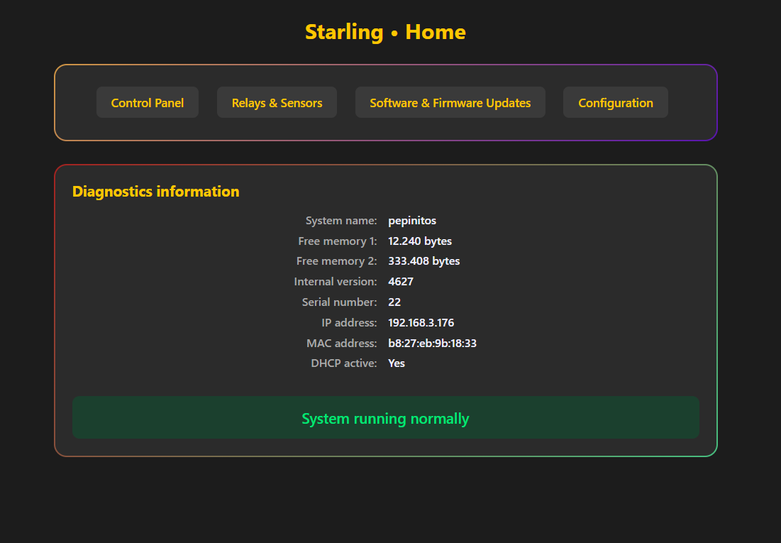 • 控制连接设备,包括指示灯、警报和除湿设备。除此之外,Starling 提供3个自由继电器;
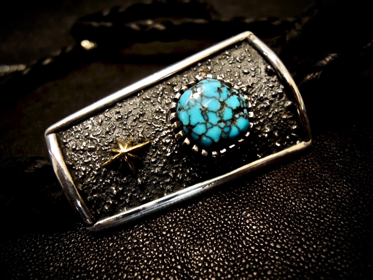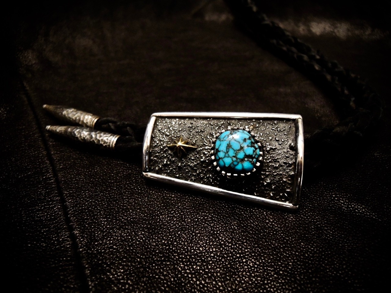 WHEELWORKS ホイールワークス LoneMountain Turquoise BoloTie Texture TufaCast K18Gold BoloChipTexture Loop tie ローンマウンテン ターコイズ ボロータイ インディアンジュエリー ネイティブアメリカン
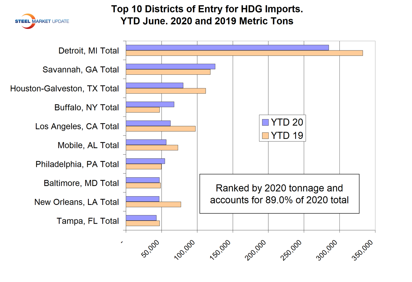 The table included here is a small part of the detailed analysis of the hot dipped galvanized sheet tonnage by district of entry and source nation. The bar graph shows the tonnage of HDG sheet that entered the top 10 districts through June year to date for 2019 and 2020 ranked by 2020 tonnage. These 10 districts accounted for 89 percent of the total HDG sheet tonnage in 2020 through June.
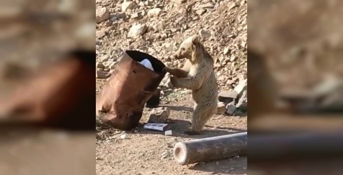 SERHED HABER - Çukurca ilçedeki bir şantiye yakınlarında dağdan inen ayı, çevredeki çöp kovasını devirerek yiyecek aradı. O anlar cep telefonu kamerasıyla saniye saniye kaydedildi. Görüntülerde ayının çevrede bir süre dolandığı, ardından ormanlık alana doğru uzaklaştığı görüldü. Vatandaşlar, bölgede son günlerde ayıların sık sık yerleşim alanlarına indiğini belirtti.
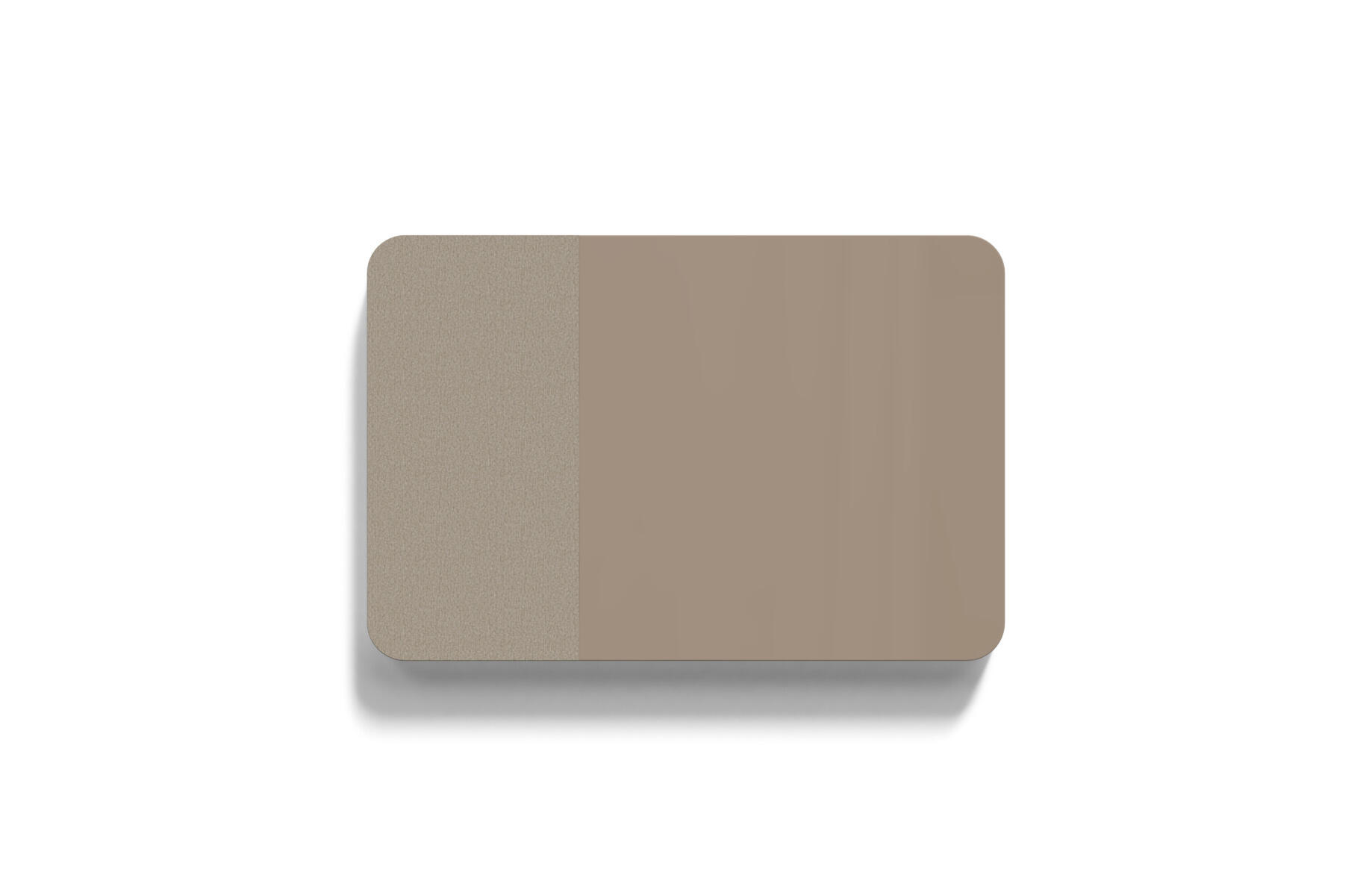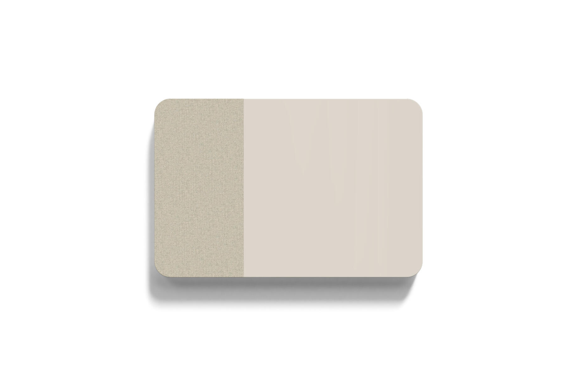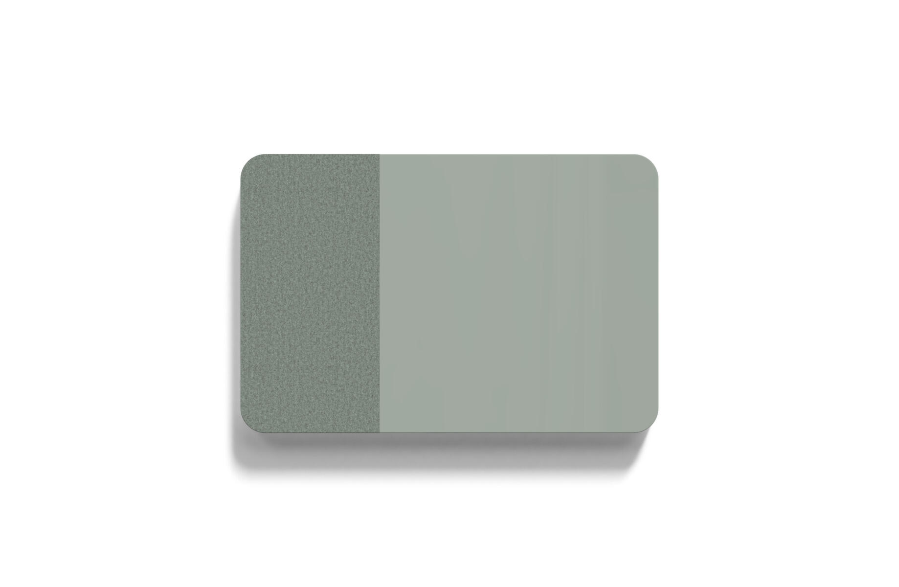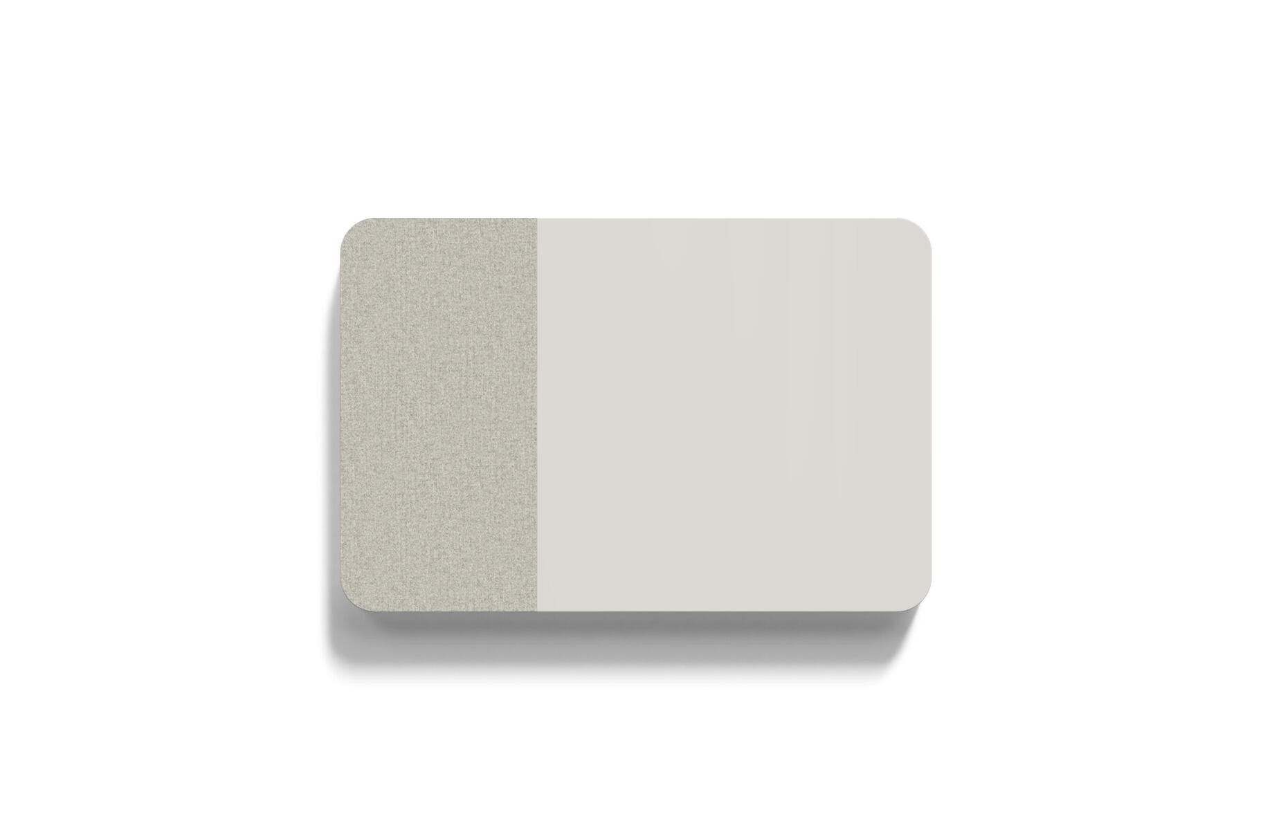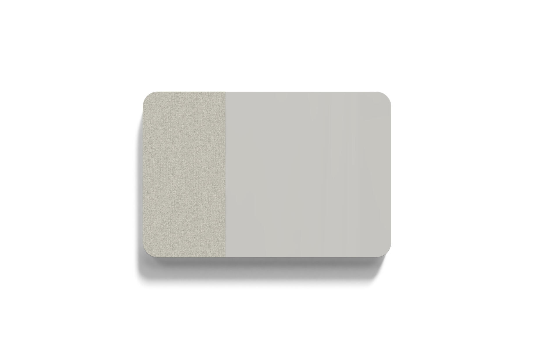 Tavle med en kombination af stofbeklædt overflade og magnetisk glasflade man kan skrive på samt lydabsorberende fyld. Den stofbeklædte overflade er 50 cm bred. Skjulte beslag.

#####

Your task: In the answer, set down only the lines from the opening line of the listing through the line that holds "The table included", exactly as they appear, minus the pictures.

Solution for this problem:
 • 控制连接设备,包括指示灯、警报和除湿设备。除此之外,Starling 提供3个自由继电器;
 WHEELWORKS ホイールワークス LoneMountain Turquoise BoloTie Texture TufaCast K18Gold BoloChipTexture Loop tie ローンマウンテン ターコイズ ボロータイ インディアンジュエリー ネイティブアメリカン
 The table included here is a small part of the detailed analysis of the hot dipped galvanized sheet tonnage by district of entry and source nation. The bar graph shows the tonnage of HDG sheet that entered the top 10 districts through June year to date for 2019 and 2020 ranked by 2020 tonnage. These 10 districts accounted for 89 percent of the total HDG sheet tonnage in 2020 through June.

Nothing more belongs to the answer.